Portfolio VaR

[Kitty]

Hi David,

There is a question that confuses me a lot...

Consider a portfolio of N assets worth $100 million with normally distributed returns. The standard deviations of the assets differ, but the correlation between any pair of assets is zero. As N becomes very large, the VaR of the portfolio will:
A. approach the value-weighted average of the standard deviations
B. approach the arithmetic average of the standard deviations
C. approach the standard deviation of the market portfolio
D. approach zero

The correct answer is D. While I just don't understand why C is not correct. In my understanding, a portfolio contains N assets when N is very large is very similar as a market portfolio, so the unsystematic risk should approach zero when N is large. However, I think the systematic risk still exists, and answer D doesn't account in systematic risk...

Could you correct me where I was wrong? Thanks in advance!!

 

[ShaktiRathore]

For N asset portfolio assuming they are equally weighted each assets weight is 1/N
Now std. deviation of portfolio = sum of variances of all assets (as correlation is 0 b/w them)
std. deviation of portfolio=(w1*sigma1)^2+(w2*sigma2)^2+........(wN*sigmaN)^2
std. deviation of portfolio=(1/N*sigma1)^2+(1/N*sigma2)^2+........(1/N*sigmaN)^2
std. deviation of portfolio=(1/N)^2[sigma1^2+(sigma2)^2+........(sigmaN)^2]
So as N approaches large value std. deviation of portfolio of portfolio approaches 0 =>Var=std. deviation of portfolio*z*Portfolio value
Var approaches 0 as std. deviation of portfolio approaches 0 as N becomes large.
C is not correct because the market std Deviation depends on relative weights of the constituents assets while the portfolio may not have the exact market constituents and would have different weightings of assets as compared to the market so in general its not necessarily true that portfolio risk will approach market standard deviation. Also the markets has a limited number of assets and portfolio could have assets which are not even in the market or a different variety of assets.
Yes unsystematic risk would diversify away to 0 and what is remaininng will be systematic risk but that systematic risk will not necessarily represent the market systmeatic risk due to different assets weighings or constituents.
thanks

 

[David Harper CFA FRM]

Hi Kitty,

I think (D) is basically correct, although I think I would fault the question for not specifying "equally weighted assets" (I agree with ShaktiRathore ... I prefer this assumption, too ... I am not certain the statement applies without it). The introduction of "market portfolio" makes the question more difficult (if a bit sneaky!) but it is instructive. Please note that as N becomes very large (tends to infinite), this does not imply the portfolio is tending toward the market portfolio (it actually implies it is moving away from the market portfolio: the market portfolio is the combination of RISKY assets with the highest Sharpe ratio ... put another way, the market portfolio has the highest return per risk).

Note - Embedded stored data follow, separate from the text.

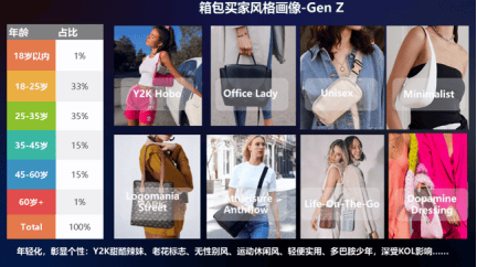 箱包买家整体偏年轻,以Z世代女性为主,同时35岁以下占比69%,同时这类人群也是小红书、抖音等社媒的主流用户,受到KOL带货的影响较大。
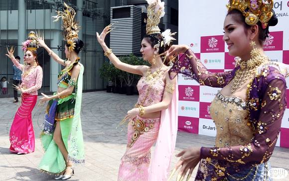23일 오후 서울 청계광장에서 열린 '2013 하나투어 여행박람회' 개막기념 공연에서 태국 3대 쇼의 하나인 '아프로디테쇼' 현지 무용단원들이 화려한 춤을 선보이고 있다.
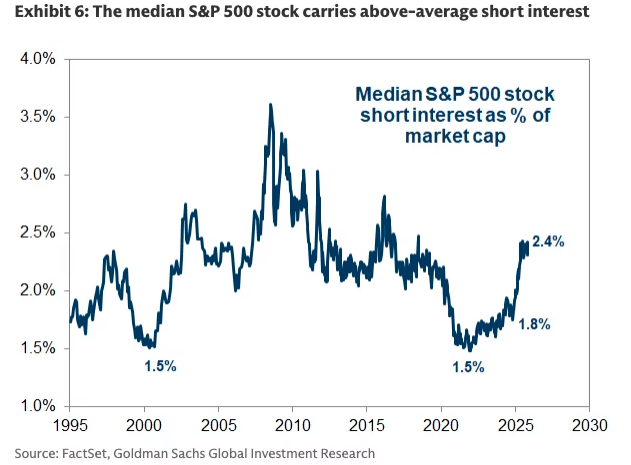 先来看整体市场的情况。尽管年内经历了强劲的涨势,但标普500指数成分股的空头比例中位数仍然高得惊人。目前的空头头寸相当于总市值的2.4%,处于过去五年的第99百分位——且远高于自1995年以来的长期平均水平。
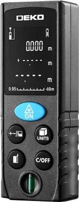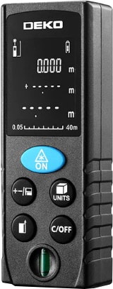 Лазерный дальномер Deko LRD110-40m позволяет измерять расстояния до 40 метров с точностью до 2 мм. Он работает с лазером красного цвета, мощностью 1 мВт, что обеспечивает безопасность при использовании. Корпус устройства защищен по стандарту IP54, что делает его устойчивым к пыли и брызгам. Для удобства есть подсветка экрана и возможность сохранения измерений в памяти. Дальномер прост в использовании — есть функции сложения, вычитания, расчет площади, объема и параметры Пифагора. Вес всего 90 г и автономное питание от батареек позволяют брать его с собой куда угодно.
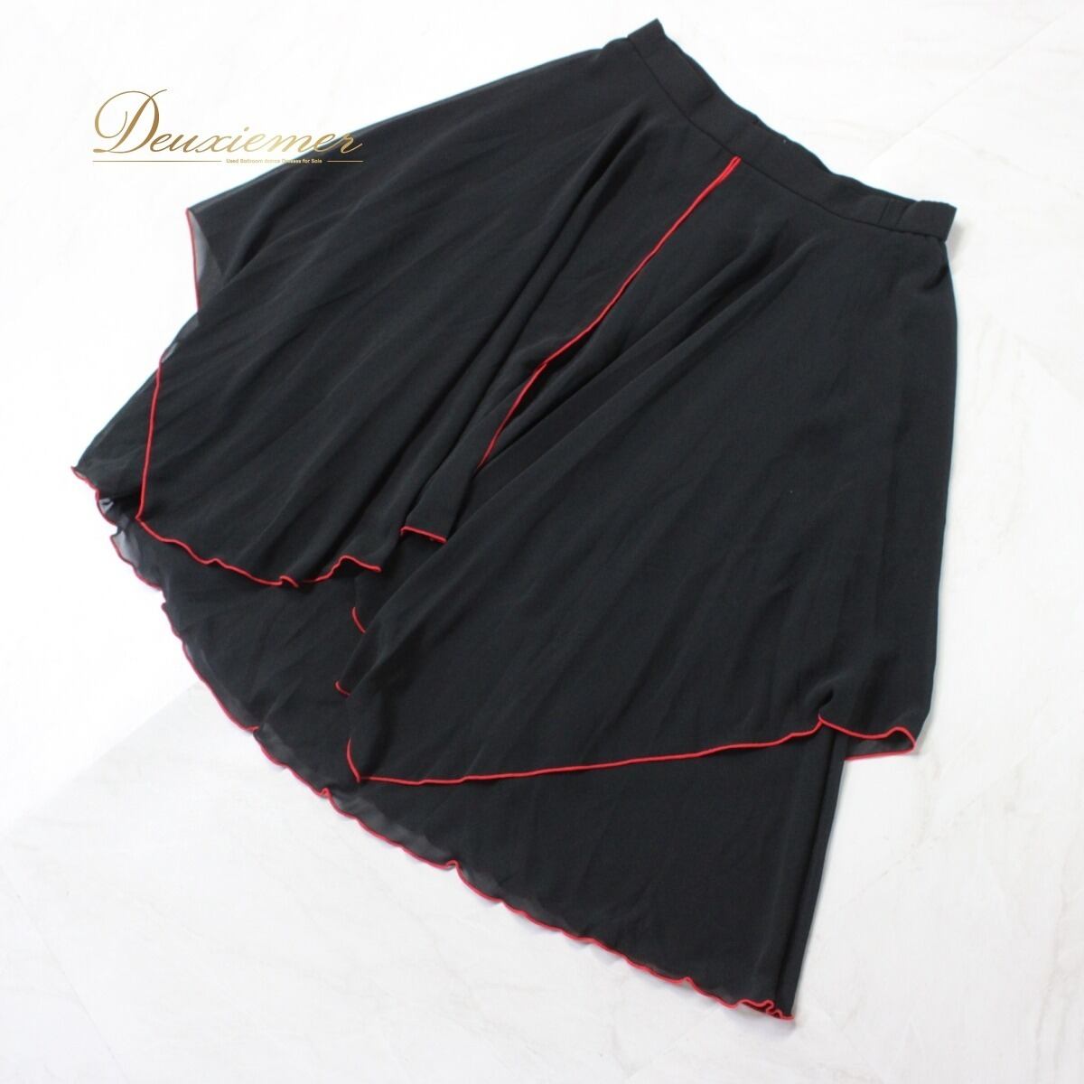 【美品 社交ダンス衣装】スカート レッスンウェア 練習着 Maille Queen 赤 黒 レッド ブラック バイカラー 派手 透け感 上品
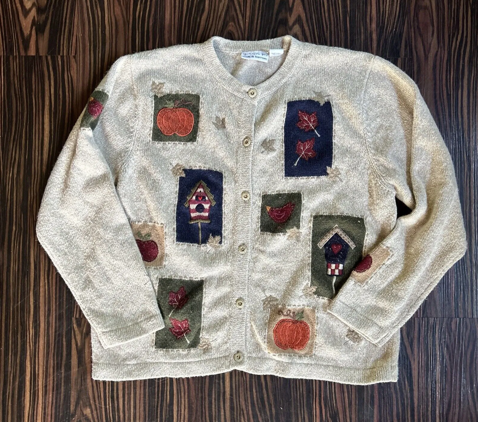 Croft & Barrow Woman Size L Angora Wool Sweater Cardigan Fall Autumn Applique Size L - $38 - From thriftay
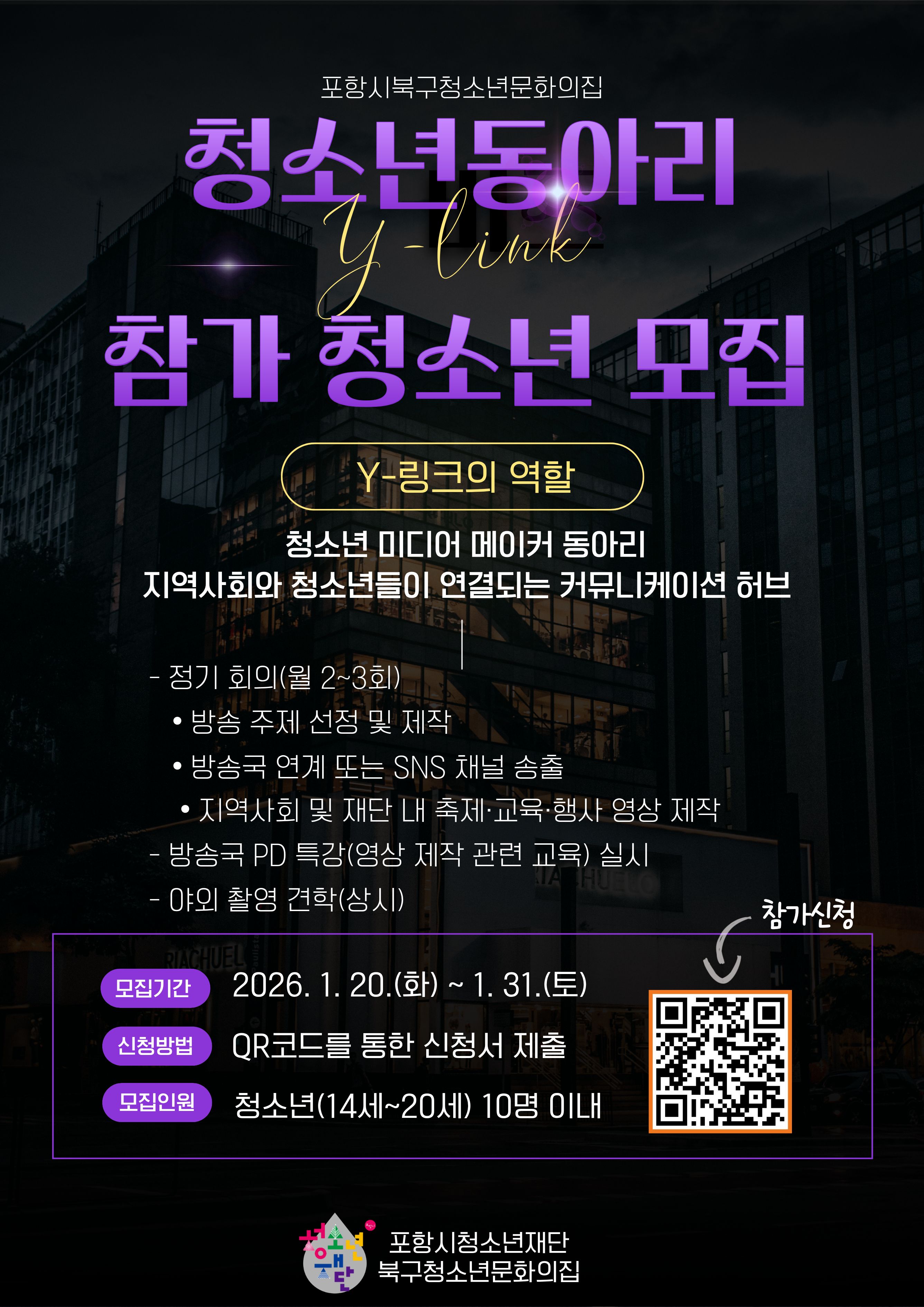 <2026>청소년미디어동아리 Y-링크 참가 청소년 모집>
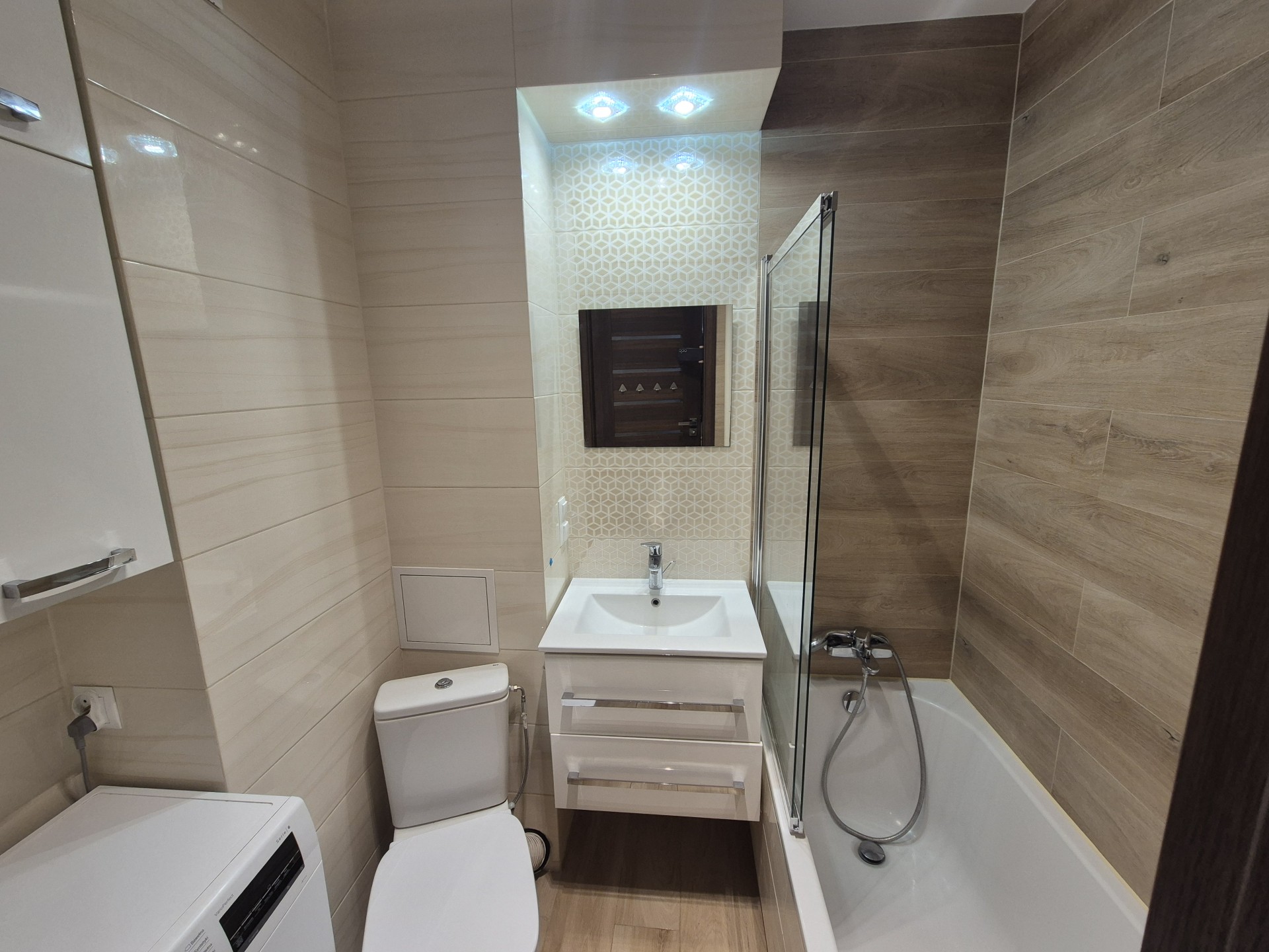 - Łazienki - wanna z szybą, umywalka, wc oraz pralka
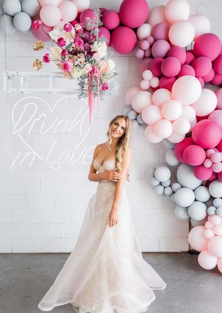 Imagem 27 – Letreiro neon rosa combinando com os balões da festa.
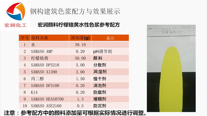 無機顏料:淺鉻黃、包膜淺鉻黃、中鉻黃、包膜中鉻黃、深鉻黃、包膜深鉻黃、檸檬鉻黃、包膜檸檬鉻黃、鉬鉻紅、鉬鉻紅、群青藍、高色素炭黑、華蘭(鐵藍、普魯士藍)。
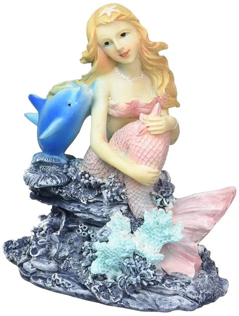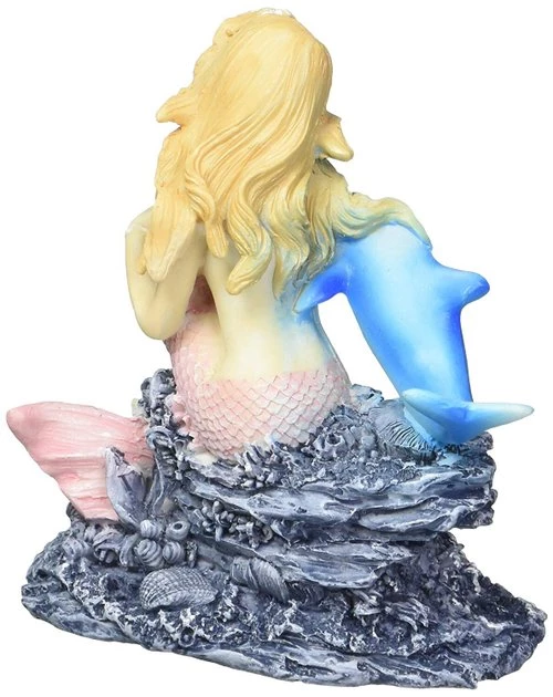 Pretty up your fishbowl with the Penn-Plax Mermaid Aquarium Ornament. It features a beautiful mermaid sitting on a coral reef with a blue dolphin friend. Suitable for both fresh and saltwater aquariums, this ornament is made of non-toxic, high-quality resin. Add a little allure to your tank with the Mermaid Aquarium Ornament from Penn-Plax.
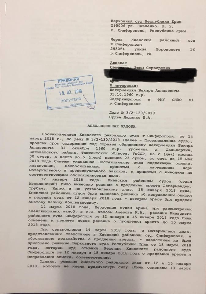 В понедельник, 19 марта, адвокат фигуранта «дела Веджие Кашка» Бекира Дегерменджи Эдем Семедляев подал апелляционную жалобу на решение «суда» о продлении ареста крымскому татарину.
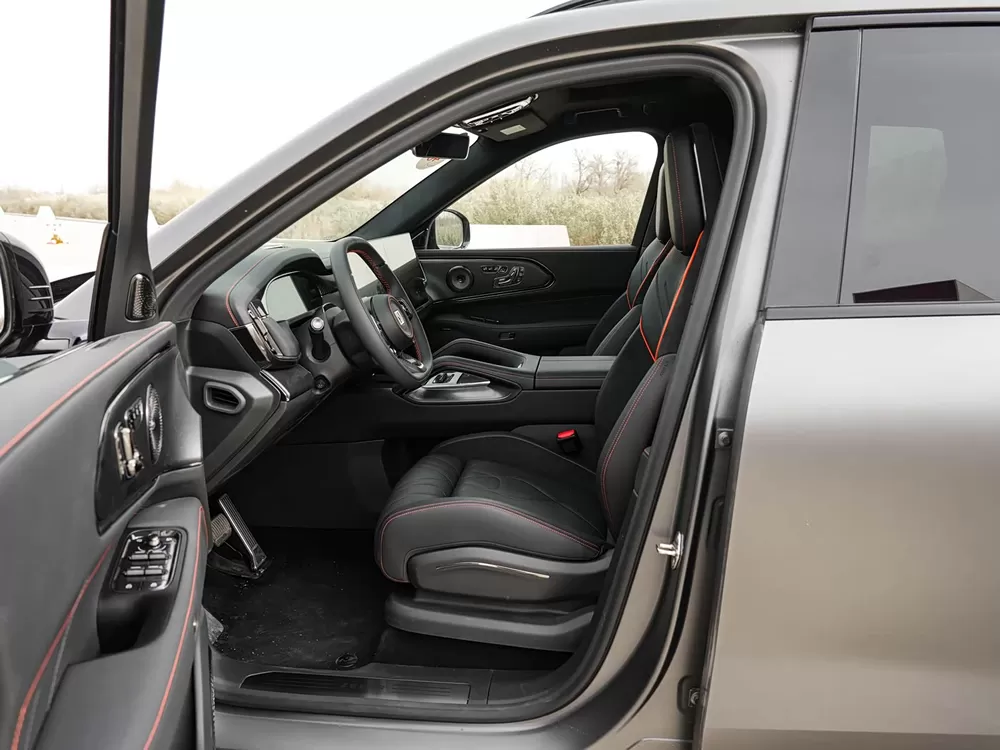 The chassis system features the SEA AI Digital Chassis, equipped with closed-loop dual-chamber air suspension, dual-valve CCD electromagnetic dampers, and a 48V active stabilizer bar. The suspension offers an adjustment range of -30 mm to +50 mm, providing a maximum ground clearance of 241 mm. With a "Moose Test" result of 83.6 km/h, the vehicle strikes a perfect balance between extreme handling precision and ride comfort. The body structure employs a high-strength steel-aluminum hybrid frame—boasting a 30% increase in torsional rigidity—and is paired with a Brembo braking system (standard across the entire lineup) to deliver a driving experience characterized by "stable speed and precise stopping." At the core of the intelligent cockpit lies a "cabin-driving integration" philosophy. Powered by the Qualcomm Snapdragon 8295 chip, it drives a dual 16-inch OLED central display setup alongside a dedicated entertainment screen for the front passenger. The rear cabin features a 17-inch ceiling-mounted theater screen, supporting Dolby Atmos and independent audio zone control. The entire model lineup comes standard with a 29-speaker Naim audio system, 16.8-million-color intelligent ambient lighting, an in-vehicle refrigerator, heated/ventilated/massaging front seats, and aviation-grade power-adjustable rear seats—creating a mobile luxury living room experience.

In this question, as correlations are zero, the portfolio variance = w(1)^2*variance[x(1)] + w(2)^2*variance[x(2)] ... w(n)^2*variance[x(n)], where w(.) = 1/n. If the assets are equally weighted, then each weight is (1/n) such that each terms has w(.)^2 = (1/n)^2 which tends to zero as (n) increases. I hope that helps (@ShaktiRathore thanks for your response, I got distracted mid-post and ended up cross-posting with yours!),

 

[Kitty]

ShaktiRathore and @David Harper, thank you two very much for your explanation! I agree...